Empecamenta impressiceps

Scientific classification
- Kingdom: Animalia
- Phylum: Arthropoda
- Clade: Pancrustacea
- Class: Insecta
- Order: Coleoptera
- Suborder: Polyphaga
- Infraorder: Scarabaeiformia
- Family: Scarabaeidae
- Genus: Empecamenta
- Species: E. impressiceps
- Binomial name: Empecamenta impressiceps Moser, 1914

= Empecamenta impressiceps =

- Genus: Empecamenta
- Species: impressiceps
- Authority: Moser, 1914

Species of beetle

Empecamenta impressiceps is a species of beetle of the family Scarabaeidae. It is found in Cameroon and Equatorial Guinea (Bioko).

== Description ==
Adults reach a length of about 11 mm. They are similar to Empecamenta usambarae, and dark chestnut brown. The frons is coarsely punctured, the punctures bearing erect setae. The frontal suture is indistinct. The clypeus is punctate laterally at the base, but otherwise without punctures. The transverse keel of the clypeus runs almost straight, with two deep impressions behind it and a transverse row of setae in front of it.
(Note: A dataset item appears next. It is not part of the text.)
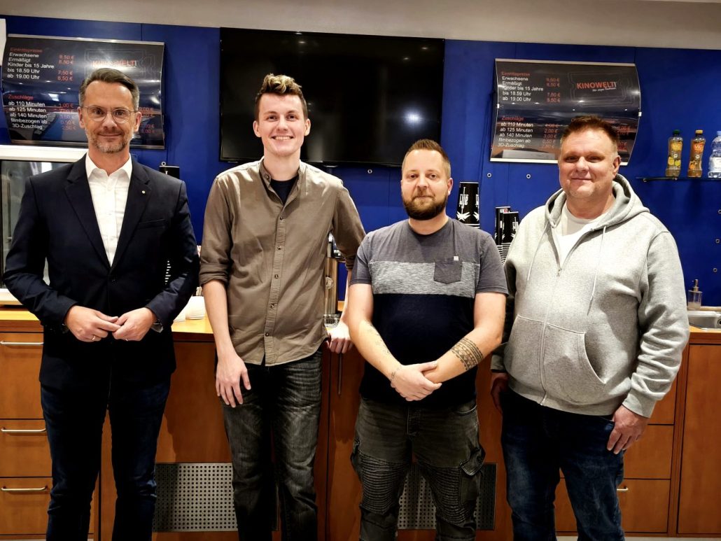 15 Jahre lang brachte Patrick Mais Menschen zum Lachen, aber auch zum Nachdenken, sorgte für Gänsehaut oder zeigte mit seiner Auswahl an Kino- filmen Emotionen, wie er auf einem griffigen Slogan für die Kinowelt Worms warb. Nun verlässt er die Welt des Kinos (siehe auch WO! 10/25) und lud Ende Oktober Wegbegleiter, Freunde, Familie sowie Vertreter der Stadt Worms (OB Adolf Kessel, Bürgermeisterin Stephanie Lohr und Dezernent Peter Englert) zu einem letzten Umtrunk in „seine“ Kinowelt. Um sozusagen die Eintrittskarte in die Welt des Kinos zu übergeben, hatte Mais auch die neuen Betreiber eingeladen. Vertretend für das fünfköpfige Team, das nun seit 27. Oktober für große Kinounterhaltung in Worms zuständig ist, waren Christopher Latzko, Sven Mühlberger und Oliver Lebert zu dieser frühmor- gendlichen Verabschiedung an einem Sonntag nach Worms gereist. Im Kino- geschäft sind die Betreiber keine Unbekannten. Drei der fünf Partner (Latz- ko, Lebert, Alexander Cyron) führen seit mehreren Jahren sehr erfolgreich die Filmwelt in Grünstadt. Sie werden ergänzt durch Mühlberger und Cedric Jankowski. Alle zusammen kennen sich wiederum aus der Corona-Zeit, in der sie zusammen erfolgreich ein Autokino etablierten. Nun wollen sie mit ver- einter Expertise auch das zuletzt strauchelnde Wormser Kino wieder auf Vordermann bringen. Um den Wechsel im Namen auch sichtbar zu machen, hat die Kinowelt Worms nun auch einen neuen Namen: Arkaden Lichtspiele. Natürlich ist dieser Name nicht zufällig gewählt. Vor 1980, als der KW Kino- center in der Wilhelm-Leuschner-Straße eröffnete, waren in den Räumen zwei Kinos beheimatet, nämlich das KW und eben das Arkaden. Die Betreiber des Centers in den 80er Jahren beschlossen damals, das KW beizubehalten. Nun endet also 2025 nicht nur die Ära Mais, sondern auch das Kürzel KW. Doch entscheidend ist natürlich nicht der Name, sondern das Programm. Und hier versprechen die neuen Inhaber einen spürbaren konzeptionellen Wechsel. Was das genau heißt, das erfahren Sie in unserer Dezember-Ausgabe.

The anterior margin of the clypeus is deeply arched. The pronotum is short, moderately densely punctured, and bears, in addition to the shallower punctures, coarser, erect-haired punctures, particularly in the anterior part. The scutellum is smooth. The elytra are quite densely punctured, with only a few punctures covered with hairs. On the pygidium, the punctures are moderately dense and bear erect hairs.